§ DATASET EXCERPT
══════

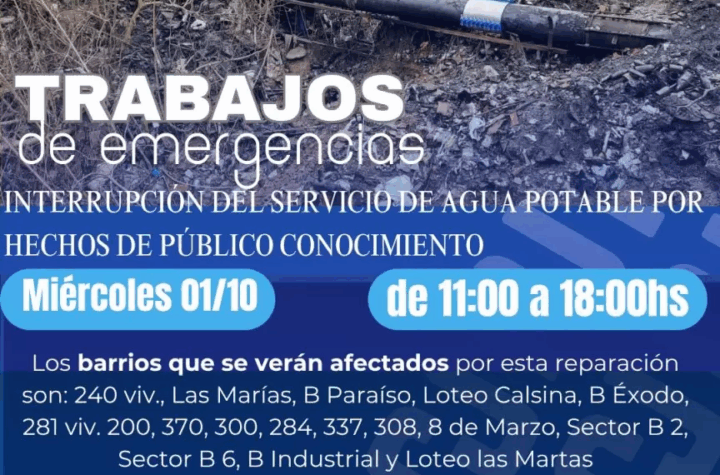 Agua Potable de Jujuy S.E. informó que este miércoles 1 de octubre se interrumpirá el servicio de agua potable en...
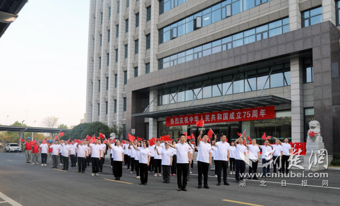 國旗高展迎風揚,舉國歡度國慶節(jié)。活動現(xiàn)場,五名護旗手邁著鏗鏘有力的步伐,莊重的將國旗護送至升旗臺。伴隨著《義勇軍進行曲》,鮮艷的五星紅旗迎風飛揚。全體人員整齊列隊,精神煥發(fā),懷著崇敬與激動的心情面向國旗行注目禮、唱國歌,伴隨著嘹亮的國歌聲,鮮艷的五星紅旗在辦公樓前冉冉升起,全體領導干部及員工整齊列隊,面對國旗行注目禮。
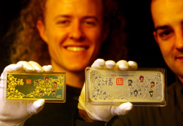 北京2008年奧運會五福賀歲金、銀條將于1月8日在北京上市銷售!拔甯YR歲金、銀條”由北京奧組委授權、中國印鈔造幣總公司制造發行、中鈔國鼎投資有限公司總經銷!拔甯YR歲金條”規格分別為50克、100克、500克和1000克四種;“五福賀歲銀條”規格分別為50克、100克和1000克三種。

══════

§ WHAT TO WORK ON
Repeat the whole listing above word for word, but keep any picture out of it.

§ OUTPUT FOR THIS TASK
 Agua Potable de Jujuy S.E. informó que este miércoles 1 de octubre se interrumpirá el servicio de agua potable en...
 國旗高展迎風揚,舉國歡度國慶節(jié)。活動現(xiàn)場,五名護旗手邁著鏗鏘有力的步伐,莊重的將國旗護送至升旗臺。伴隨著《義勇軍進行曲》,鮮艷的五星紅旗迎風飛揚。全體人員整齊列隊,精神煥發(fā),懷著崇敬與激動的心情面向國旗行注目禮、唱國歌,伴隨著嘹亮的國歌聲,鮮艷的五星紅旗在辦公樓前冉冉升起,全體領導干部及員工整齊列隊,面對國旗行注目禮。
 北京2008年奧運會五福賀歲金、銀條將于1月8日在北京上市銷售!拔甯YR歲金、銀條”由北京奧組委授權、中國印鈔造幣總公司制造發行、中鈔國鼎投資有限公司總經銷!拔甯YR歲金條”規格分別為50克、100克、500克和1000克四種;“五福賀歲銀條”規格分別為50克、100克和1000克三種。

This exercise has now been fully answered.